=== Section Start ===

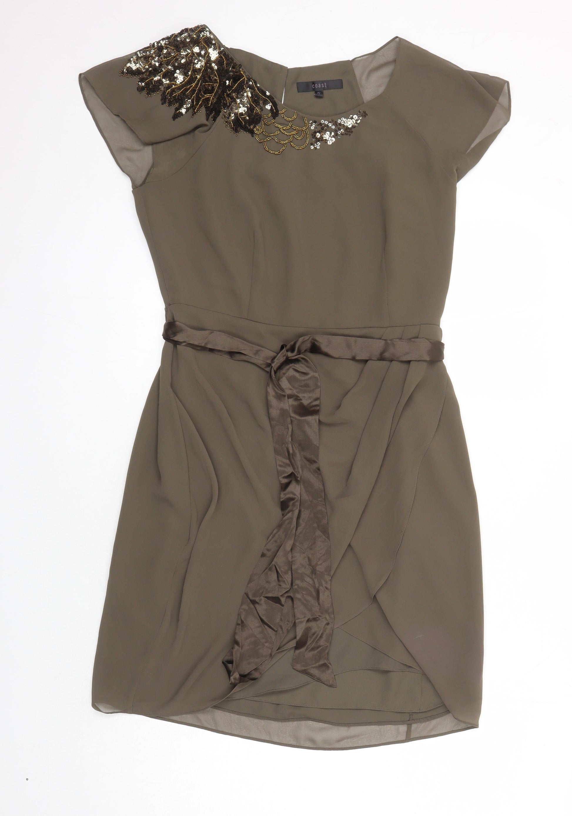 Coast Womens Green Polyester Pencil Dress Size 12 Boat Neck - Sequin Detail
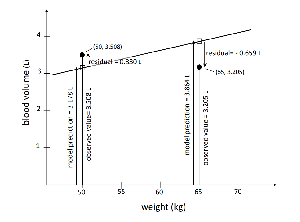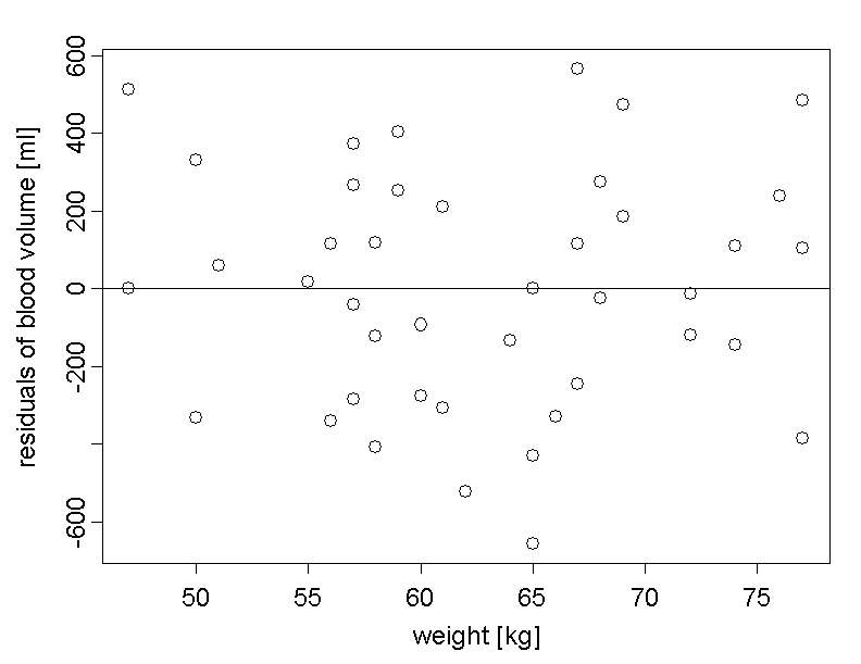 If the relation is not linear in reality, a straight-line model does not make much sense. In order to judge if the mean of the blood volume indeed increases linearly with the body weight, we can again take a look at the residual plot. If the relation were not linear, the scatter plot of the residuals would not be horizontal but rather curved or undulated.
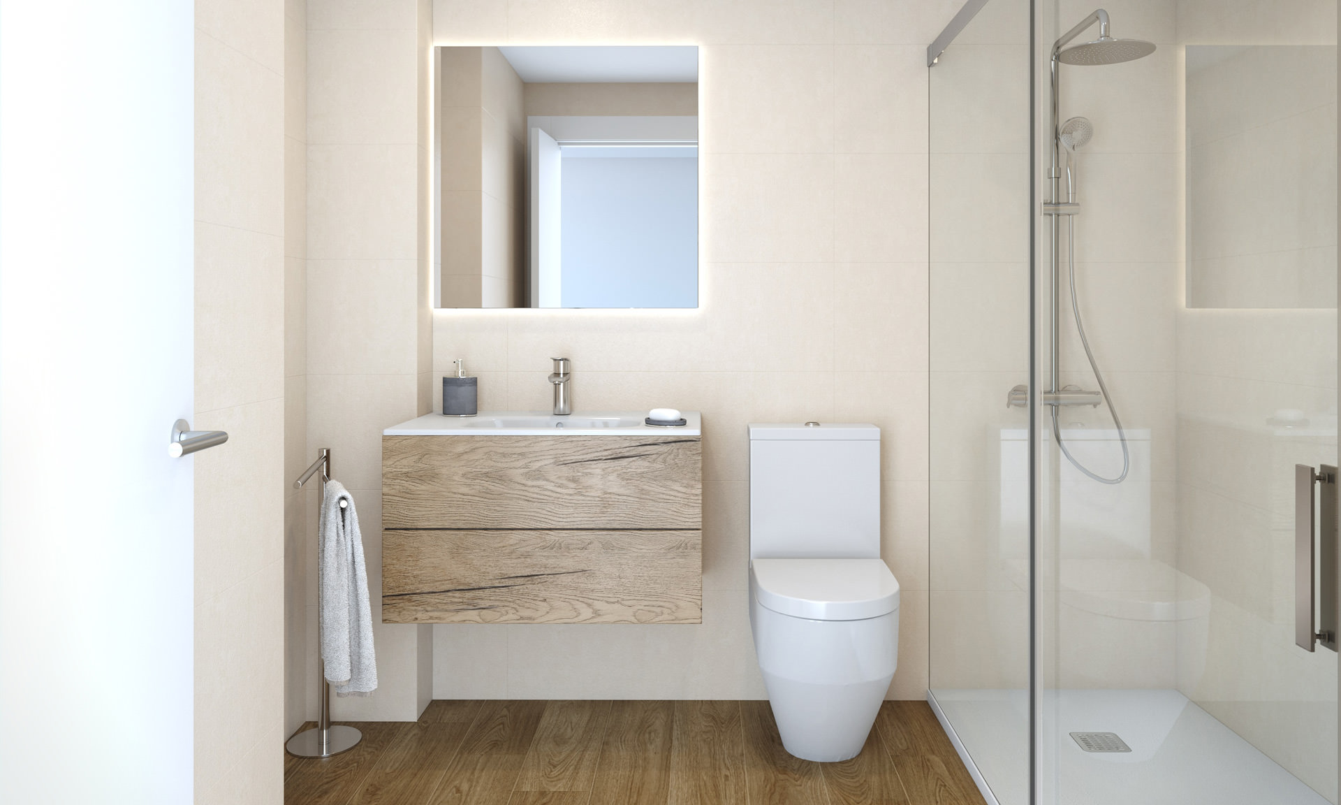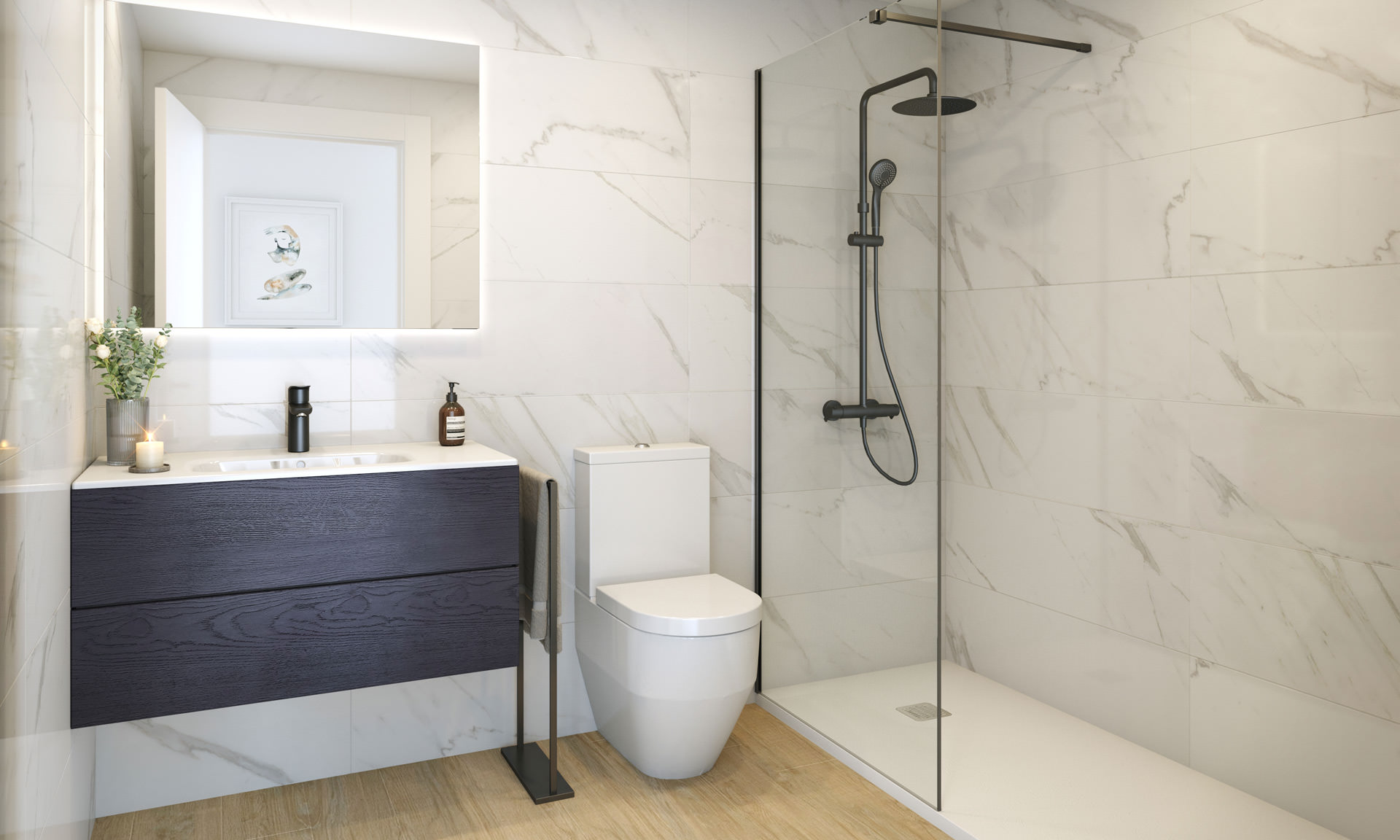 • Baño principal: revestimiento de cerámica rectificada de gran formato, varios modelos a elegir.
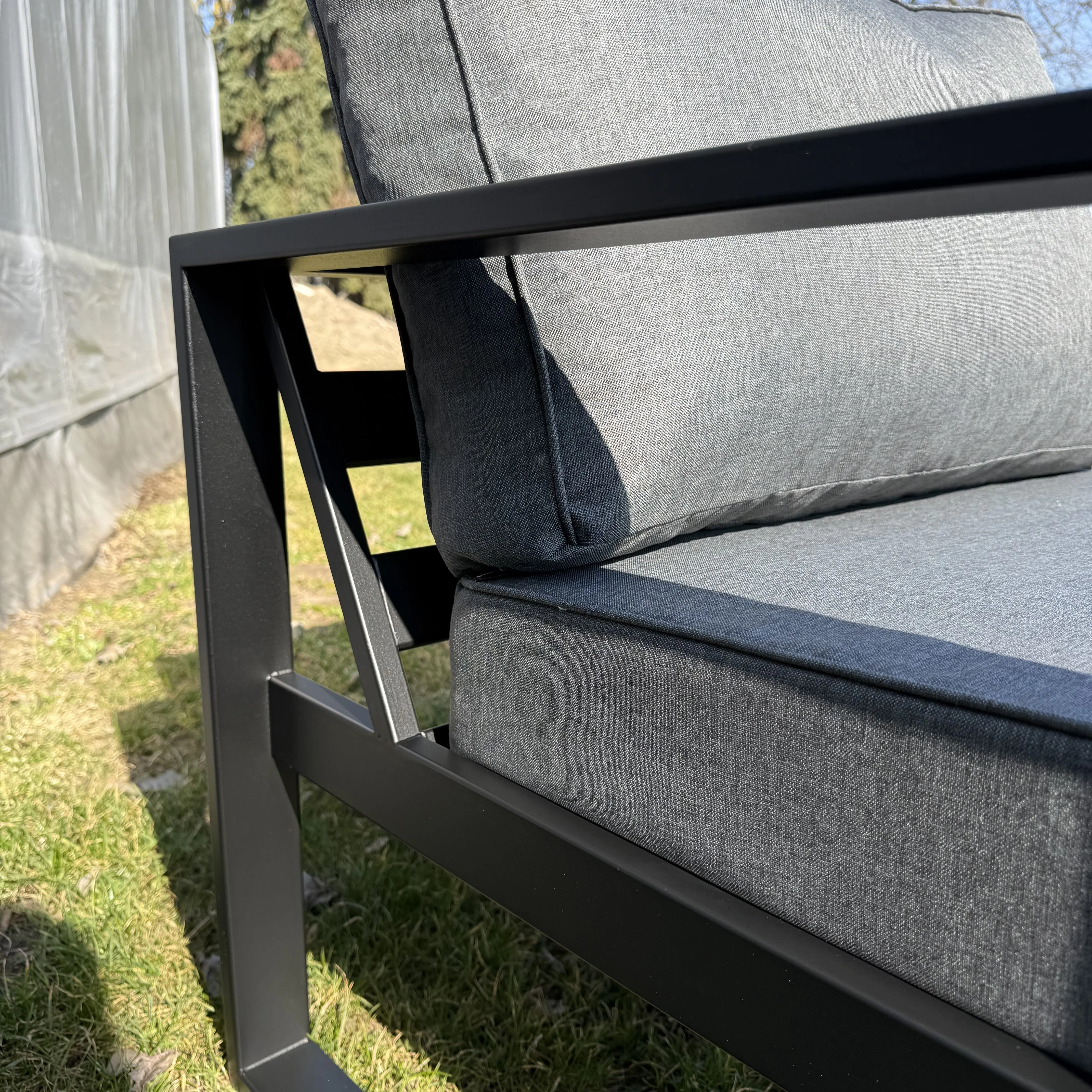 Sofa ogrodowa LINEA 3-osobowa to propozycja dla osób, które chcą stworzyć komfortową i stylową przestrzeń do wypoczynku na zewnątrz. Jej nowoczesna, metalowa konstrukcja w połączeniu z prostą formą doskonale wpisuje się w estetykę loftową i nowoczesną.
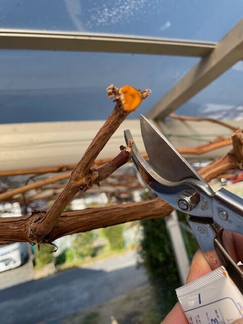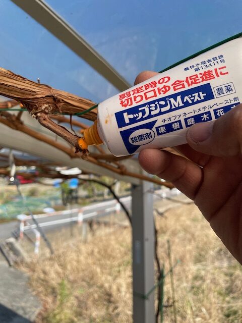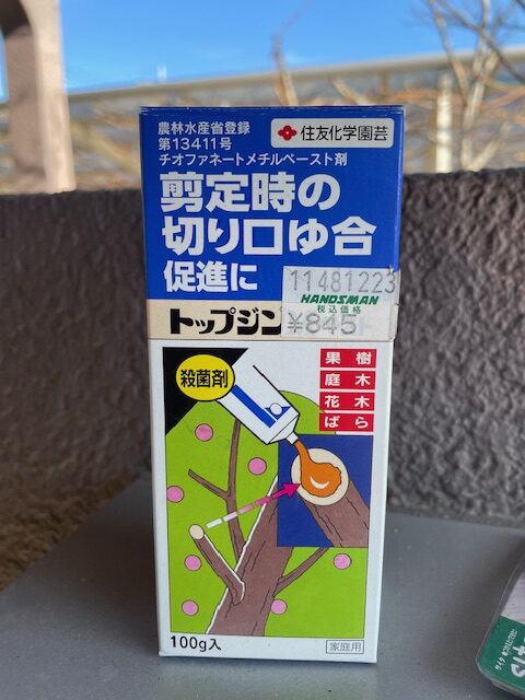 切った枝には、「トップジン」と言う殺菌剤を塗り
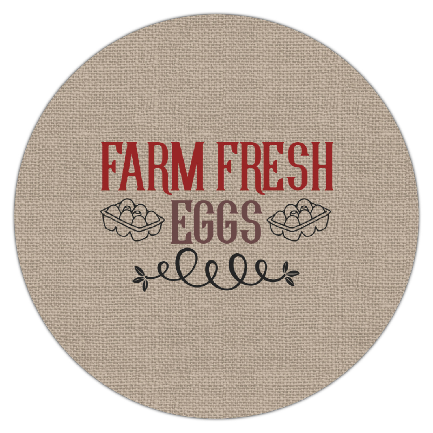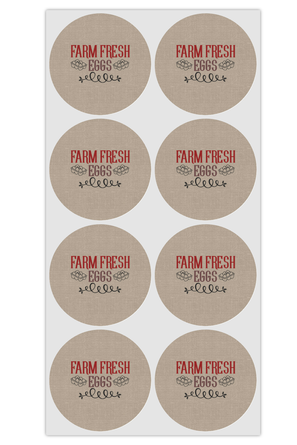 This design uses the quote "farm fresh eggs" with two crates of eggs pictured on either side and a beautiful scrolling design below. The quote has a bright and dark red, both which stand out beautifully against the burlap textured background. This quote and a chicken graphic are used throughout the design.
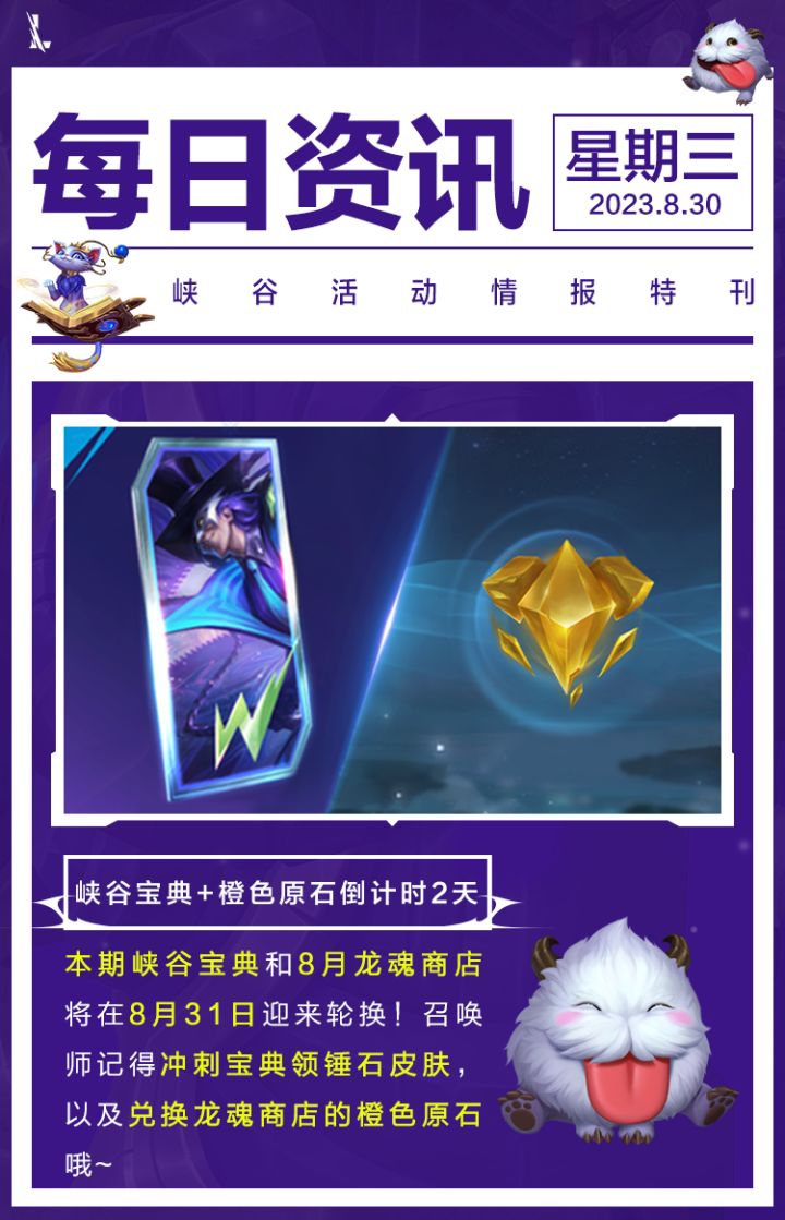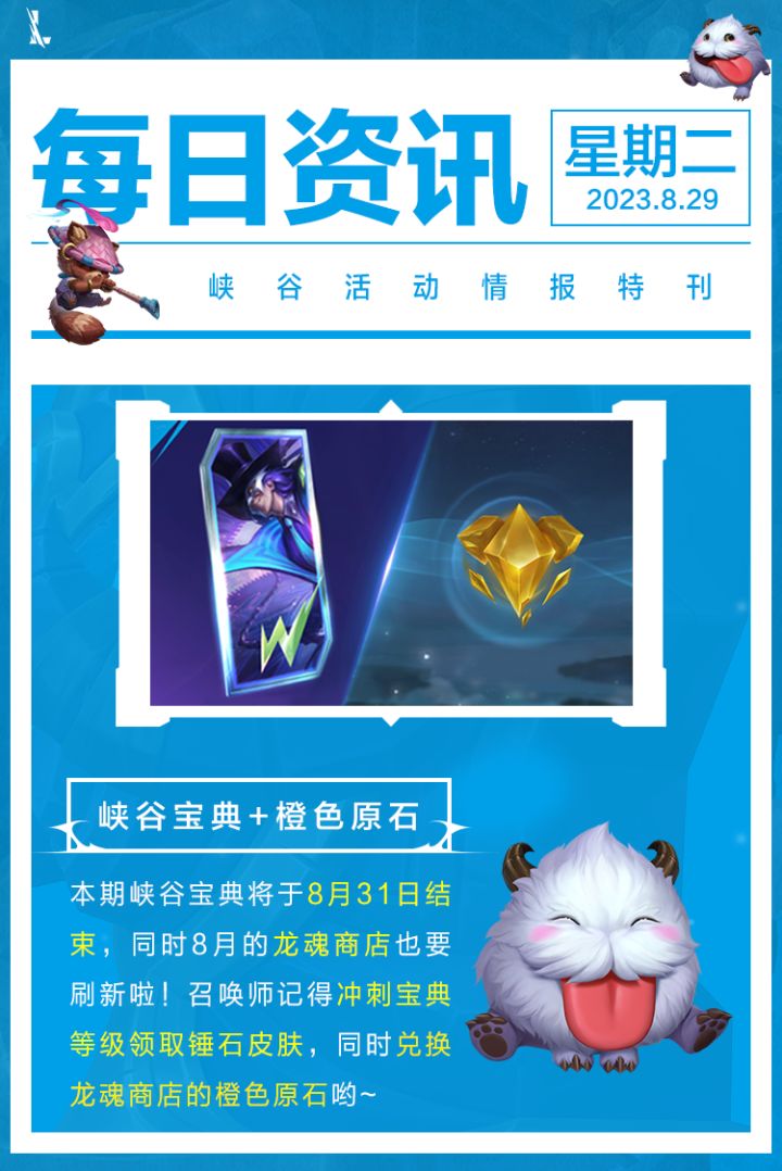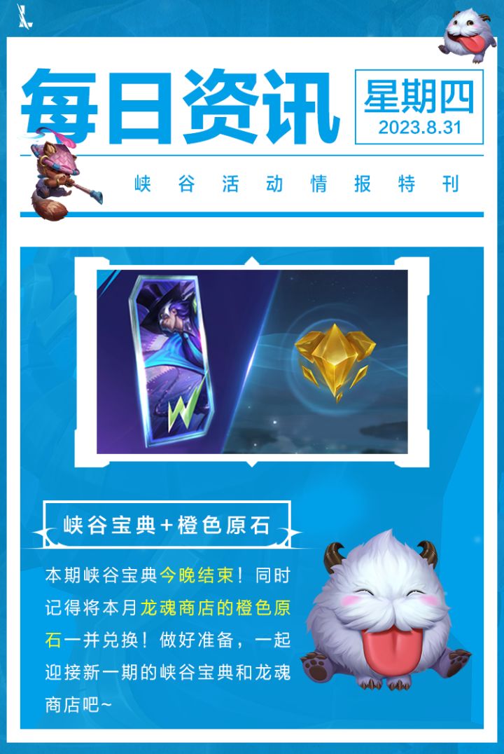 亲爱的召唤师们:我们注意到在本期"盗梦暗影 锤石"峡谷宝典活动中,部分召唤师在升级宝典等级时遇到了一些困扰。我们一直致力于为大家提供好的游戏体验,因此提供一些福利助力大家最后一周宝典冲刺。全体召唤师宝典福利如下:峡谷宝典等级*6+星纹券*60宝典福利将通过邮箱发放,请召唤师们在8月28日18:00:00-8月31日23:59:59期间登录并查收邮件。希望这个小小的福利能够表达对您支持的感激
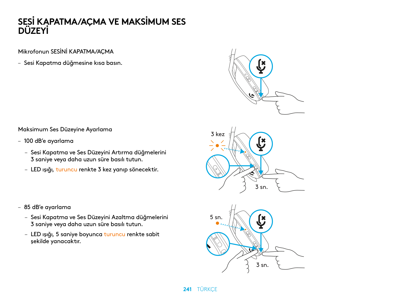 Mikrofonun SESİNİ KAPATMA/AÇMA – Sesi Kapatma düğmesine kısa basın. Maksimum Ses Düzeyine Ayarlama – 100 dB’e ayarlama – Sesi Kapatma ve Ses Düzeyini Artırma düğmelerini 3 saniye veya daha uzun süre basılı tutun. – LED ışığı, turuncu renkte 3 kez yanıp sönecektir. – 85 dB’e ayarlama – Sesi Kapatma ve Ses Düzeyini Azaltma düğmelerini 3 saniye veya daha uzun süre basılı tutun. – LED ışığı, 5 saniye boyunca turuncu renkte sabit şekilde yanacaktır. 3 kez 5 sn. 3 sn. 3 sn.Sesi Kapatma/Açma Ve Maksimum Ses
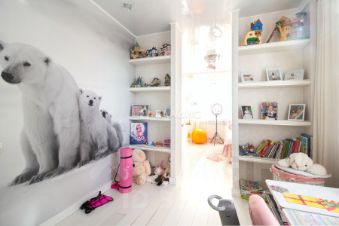 Детская комната разделена на две функциональные части - на игровую и спальню. В спальной части - кровать, комод, шкаф и телевизор. В игровой - встроенные системы хранения, письменный стол и кресло.

=== Section End ===

- [INSTRUCTIONS TO FOLLOW] Print out the complete listing above exactly, dropping each image.

- [ANSWER]
 Coast Womens Green Polyester Pencil Dress Size 12 Boat Neck - Sequin Detail
 If the relation is not linear in reality, a straight-line model does not make much sense. In order to judge if the mean of the blood volume indeed increases linearly with the body weight, we can again take a look at the residual plot. If the relation were not linear, the scatter plot of the residuals would not be horizontal but rather curved or undulated.
 • Baño principal: revestimiento de cerámica rectificada de gran formato, varios modelos a elegir.
 Sofa ogrodowa LINEA 3-osobowa to propozycja dla osób, które chcą stworzyć komfortową i stylową przestrzeń do wypoczynku na zewnątrz. Jej nowoczesna, metalowa konstrukcja w połączeniu z prostą formą doskonale wpisuje się w estetykę loftową i nowoczesną.
 切った枝には、「トップジン」と言う殺菌剤を塗り
 This design uses the quote "farm fresh eggs" with two crates of eggs pictured on either side and a beautiful scrolling design below. The quote has a bright and dark red, both which stand out beautifully against the burlap textured background. This quote and a chicken graphic are used throughout the design.
 亲爱的召唤师们:我们注意到在本期"盗梦暗影 锤石"峡谷宝典活动中,部分召唤师在升级宝典等级时遇到了一些困扰。我们一直致力于为大家提供好的游戏体验,因此提供一些福利助力大家最后一周宝典冲刺。全体召唤师宝典福利如下:峡谷宝典等级*6+星纹券*60宝典福利将通过邮箱发放,请召唤师们在8月28日18:00:00-8月31日23:59:59期间登录并查收邮件。希望这个小小的福利能够表达对您支持的感激
 Mikrofonun SESİNİ KAPATMA/AÇMA – Sesi Kapatma düğmesine kısa basın. Maksimum Ses Düzeyine Ayarlama – 100 dB’e ayarlama – Sesi Kapatma ve Ses Düzeyini Artırma düğmelerini 3 saniye veya daha uzun süre basılı tutun. – LED ışığı, turuncu renkte 3 kez yanıp sönecektir. – 85 dB’e ayarlama – Sesi Kapatma ve Ses Düzeyini Azaltma düğmelerini 3 saniye veya daha uzun süre basılı tutun. – LED ışığı, 5 saniye boyunca turuncu renkte sabit şekilde yanacaktır. 3 kez 5 sn. 3 sn. 3 sn.Sesi Kapatma/Açma Ve Maksimum Ses
 Детская комната разделена на две функциональные части - на игровую и спальню. В спальной части - кровать, комод, шкаф и телевизор. В игровой - встроенные системы хранения, письменный стол и кресло.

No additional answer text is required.